Privacy Rights in Peril: Uttarakhand's Civil Code Draws Criticism for Mandating Live-In Relationship Registration

Failure to inform the registrar about the relationship within 30 days could result in convictions with a prison term of up to three months and a fine of up to Rs 10,000.
Privacy Rights in Peril: Uttarakhand's Civil Code Draws Criticism for Mandating Live-In Relationship Registration

Dehradun- The recent Uniform Civil Code tabled by the Chief Minister Pushkar Singh Dhami in the state assembly of Uttarakhand on 6th February brought in a number of controversial measures. One such point is the registration of live-in relationships, which theoretically goes against many fundamental rights such as Right to Privacy.

The proposed bill seeks to regulate live-in relationships within the state of Uttarakhand, requiring partners to submit a statement about their live-in status to the registrar, regardless of their residency status in the state. This means that even individuals with Uttarakhand domicile who are not currently residing in the state must register their live-in relationships.

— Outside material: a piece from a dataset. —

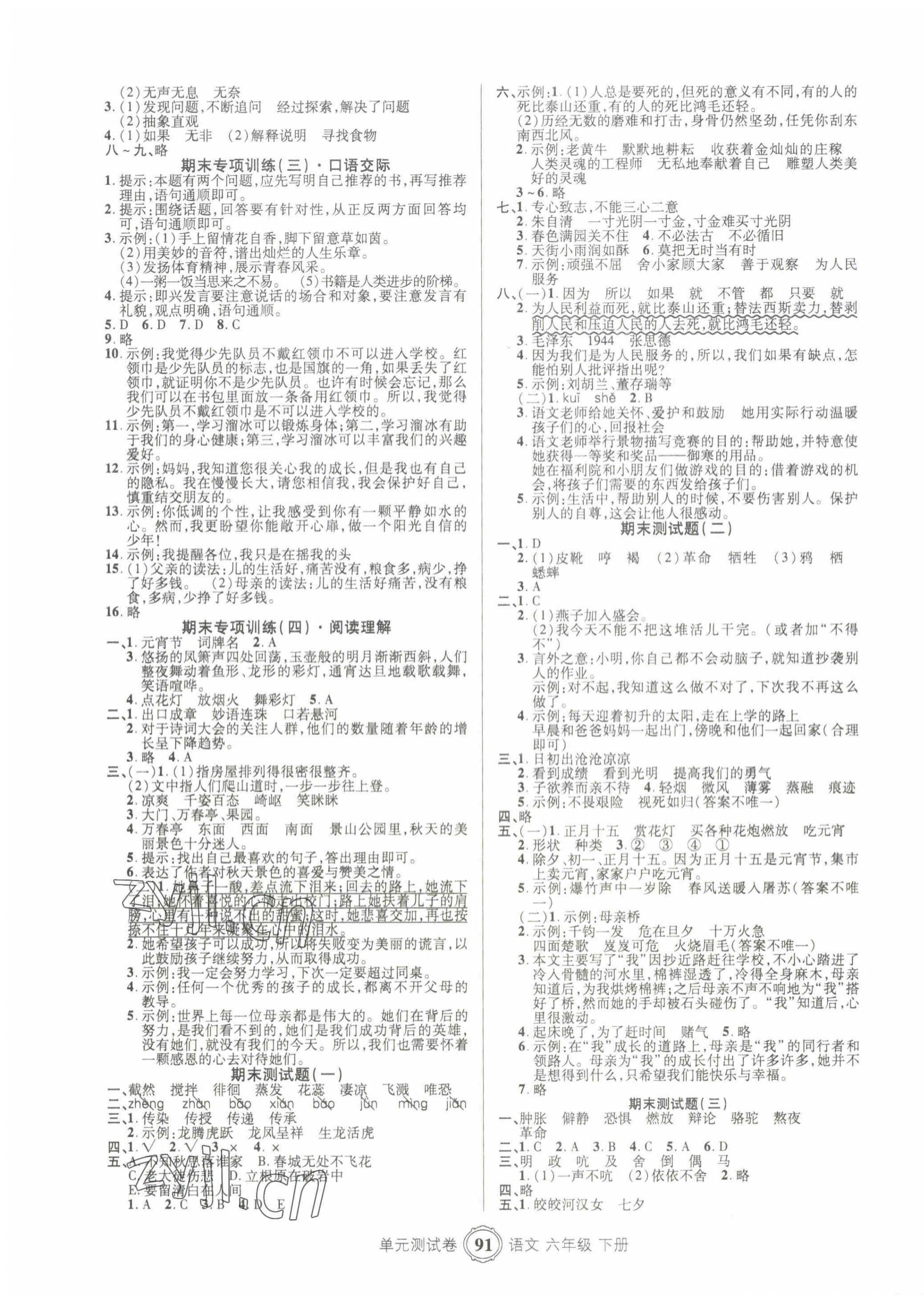 注:目前有些书本章节名称可能整理的还不是很完善,但都是按照顺序排列的,请同学们按照顺序仔细查找。练习册 2022年智慧通单元测试卷六年级语文下册人教版 答案主要是用来给同学们做完题方便对答案用的,请勿直接抄袭。

Failure to inform the registrar within 30 days could result in convictions with a prison term of up to three months and a fine of up to Rs 10,000. Additionally, if partners fail to respond to the registrar's notice, the prison term may be extended to six months with a maximum fine of Rs 25,000.

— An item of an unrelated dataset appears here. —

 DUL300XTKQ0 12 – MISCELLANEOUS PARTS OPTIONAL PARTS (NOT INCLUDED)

Section 387(3) outlines the penalties for failing to submit the statement of live-in relationship, stating that partners may face imprisonment for up to six months, a fine of up to Rs 25,000, or both.

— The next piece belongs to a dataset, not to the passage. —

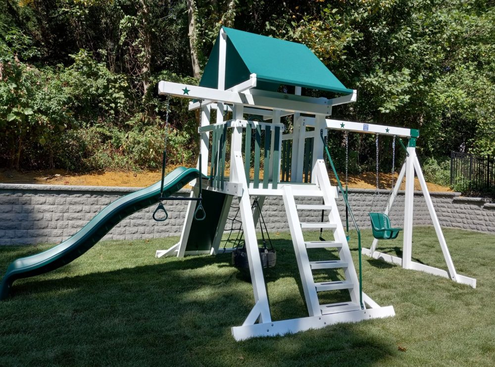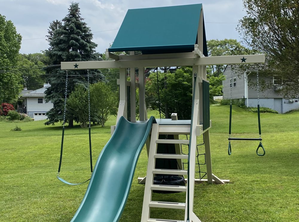 This tower is very popular with families year in and year out. It allows for lots of accessories to be added, while also having a perfect spot for a tire swing underneath!

Furthermore, the registrar is mandated to inform the police in-charge of the relevant police station. If the partners are under the age of 21, their parents will be informed by the authorities.

Additionally, the proposed law includes provisions for women who are deserted by their live-in partners to claim maintenance, ensuring some form of financial support in such situations. Overall, the bill aims to establish regulatory mechanisms for live-in relationships in Uttarakhand, including registration requirements and penalties for non-compliance, while also addressing concerns related to desertion and maintenance for women in such relationships.

The Mooknayak talked to Ishaan Duggal, who is a Principal Associate at HAS Advocates, New Delhi, in order to understand if this provision violates the fundamental Right to Privacy.

Opening up about the probable intent, the lawyer claimed, “It cannot be denied that a bundle of rights would flow from registration of a live-in relationship under the Uniform Civil Code of Uttarakhand. This seems to be the intent behind introducing these provisions pertaining to live-in relationships.”

“However,” Duggal continued, “the Uniform Civil Code of Uttarakhand provides for imprisonment and/or fine as a consequence for failure to get a live-in relationship registered.” He observed, “This compulsory registration seems to be prima facie violative of the right to privacy, as recognised by the Hon’ble Supreme Court in the Puttaswamy judgment and the Hon’ble Delhi High Court in the Naz Foundation judgment.”

The lawyer suggested, “Perhaps, such registration can be made optional, which would ensure that the proposed rights can flow to the individuals who are willing to opt for such registration.”

In a telephonic conversation with The Mooknayak, Tania, a transgender lawyer representing the community in Uttarakhand, delved deeper into the conservative ideology driving the push for registering live-in relationships. "This reflects a Manuwadi mindset,” remarked Tania “where a woman's identity is solely defined by the men in her life. Even upon reaching adulthood at 18, a woman's relationships come under surveillance. While relationships are scrutinized, laws concerning domestic violence remain inadequately addressed."

According to a report by The New Indian Express, Delhi-based lawyer and columnist, Gyanant Sungh expressed that the proposed bill amounts to moral policing and infringes upon fundamental rights guaranteed under Article 21 of the Indian Constitution, including the right to privacy, liberty, and life. Sungh emphasized that such provisions could potentially lead to the harassment of individuals living together in consensual relationships.

He further stated that the police might unnecessarily target men and women in live-in relationships, highlighting that living together as consenting adults is not a crime. Sungh argued that compelling individuals to report their live-in relationships may violate their desire to maintain the privacy of their personal affairs.